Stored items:
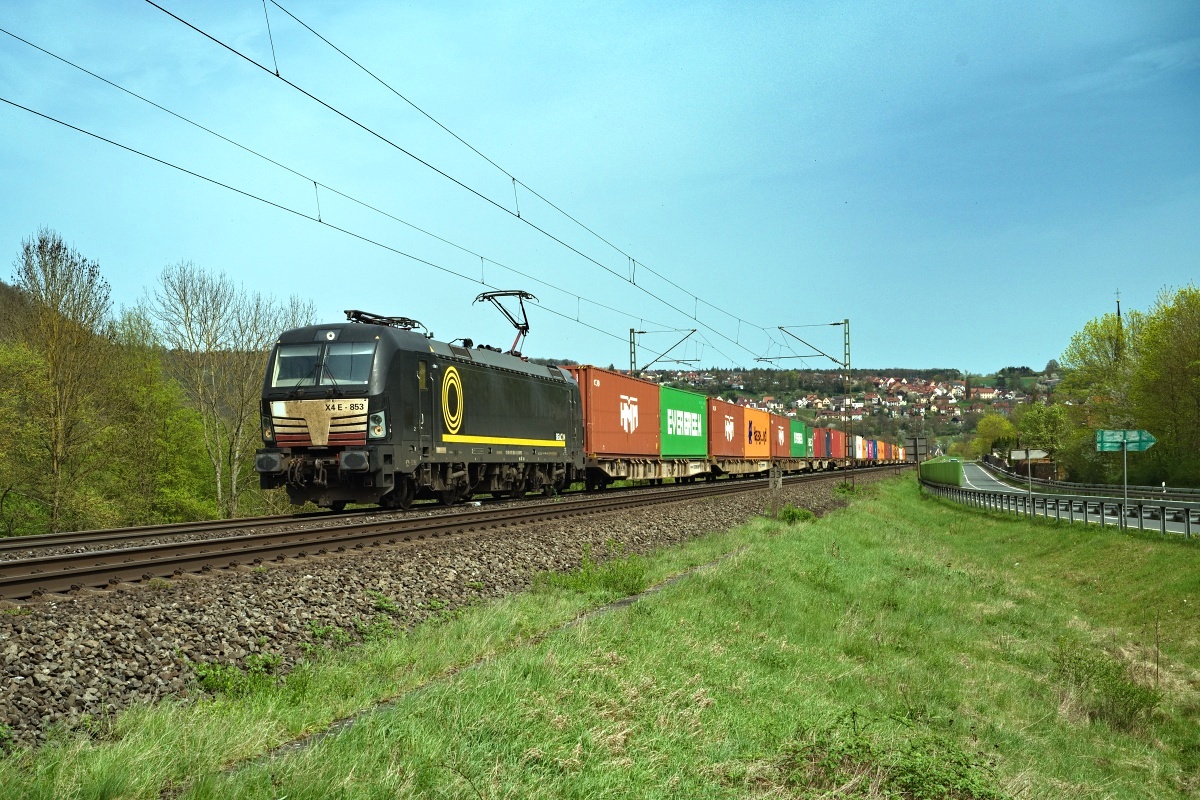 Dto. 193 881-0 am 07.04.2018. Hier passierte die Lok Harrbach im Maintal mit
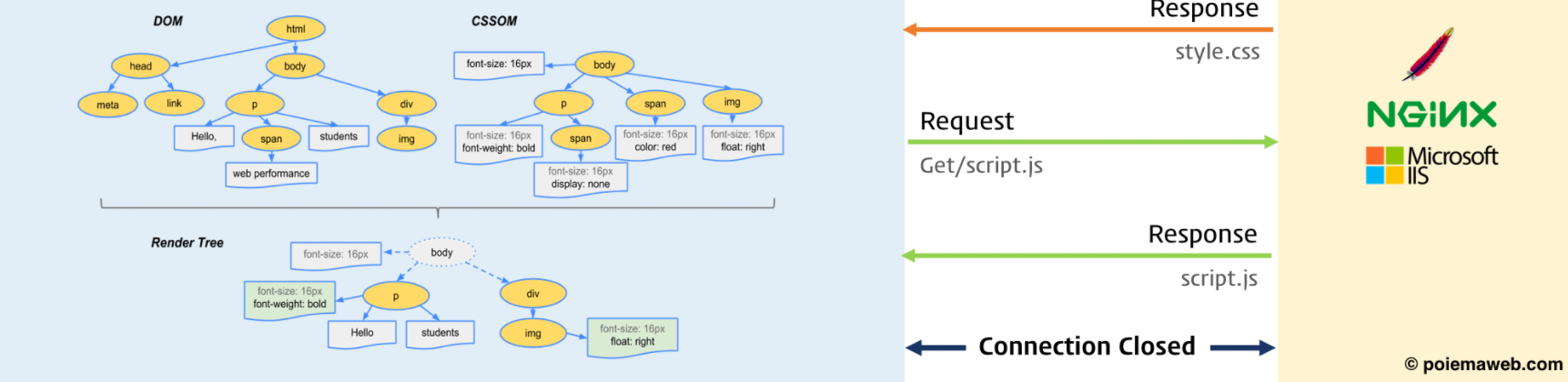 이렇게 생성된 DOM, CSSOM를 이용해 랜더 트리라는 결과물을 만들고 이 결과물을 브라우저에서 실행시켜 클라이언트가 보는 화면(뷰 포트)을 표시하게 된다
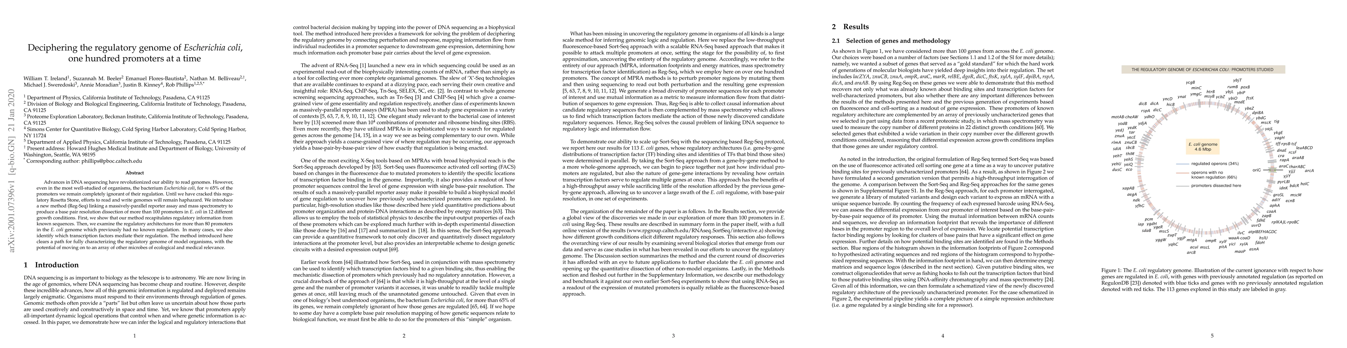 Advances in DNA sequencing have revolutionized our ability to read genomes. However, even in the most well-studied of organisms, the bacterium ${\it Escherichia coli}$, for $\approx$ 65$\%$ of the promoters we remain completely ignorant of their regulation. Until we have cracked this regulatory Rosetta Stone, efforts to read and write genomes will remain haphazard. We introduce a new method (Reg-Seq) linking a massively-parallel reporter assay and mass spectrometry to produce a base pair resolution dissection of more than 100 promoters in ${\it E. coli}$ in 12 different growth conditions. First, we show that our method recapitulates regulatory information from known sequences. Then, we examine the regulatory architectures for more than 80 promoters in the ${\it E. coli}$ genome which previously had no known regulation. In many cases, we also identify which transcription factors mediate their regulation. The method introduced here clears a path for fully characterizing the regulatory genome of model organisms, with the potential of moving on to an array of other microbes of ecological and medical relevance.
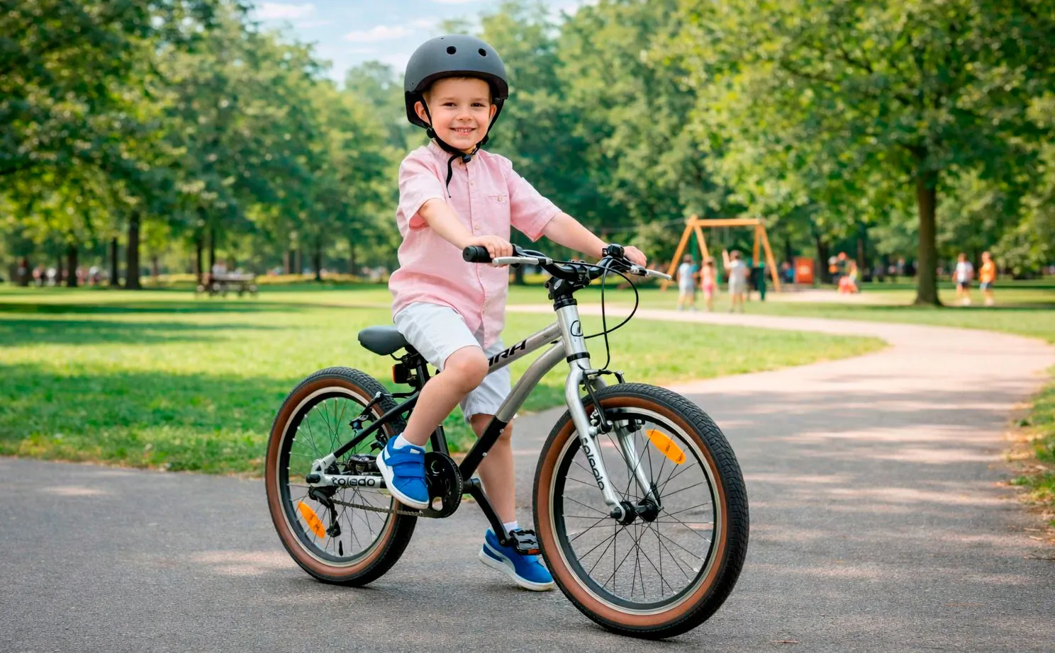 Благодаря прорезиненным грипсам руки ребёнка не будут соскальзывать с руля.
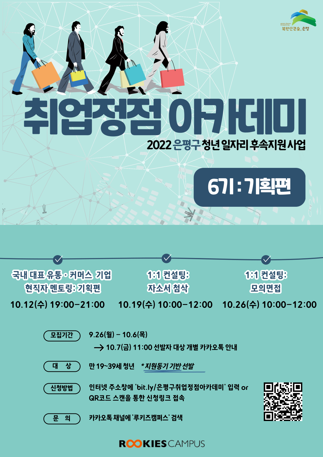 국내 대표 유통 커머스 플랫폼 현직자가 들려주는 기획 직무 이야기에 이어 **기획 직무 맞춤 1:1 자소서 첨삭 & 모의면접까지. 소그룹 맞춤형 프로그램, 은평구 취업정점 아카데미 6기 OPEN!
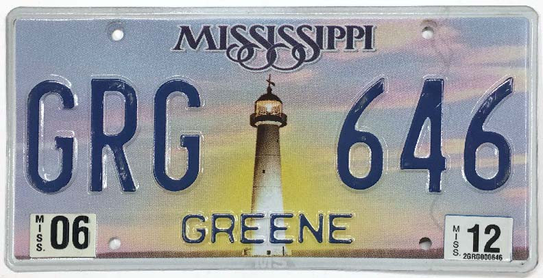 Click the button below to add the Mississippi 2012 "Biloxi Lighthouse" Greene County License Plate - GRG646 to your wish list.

* _WORK TASK_
Beginning with the line that contains "Благодаря прорезиненным грипсам" and ending with the last line of the entries above, repeat each line exactly, but not the pictures.

* _SOLVED EXERCISE_
 Благодаря прорезиненным грипсам руки ребёнка не будут соскальзывать с руля.
 국내 대표 유통 커머스 플랫폼 현직자가 들려주는 기획 직무 이야기에 이어 **기획 직무 맞춤 1:1 자소서 첨삭 & 모의면접까지. 소그룹 맞춤형 프로그램, 은평구 취업정점 아카데미 6기 OPEN!
 Click the button below to add the Mississippi 2012 "Biloxi Lighthouse" Greene County License Plate - GRG646 to your wish list.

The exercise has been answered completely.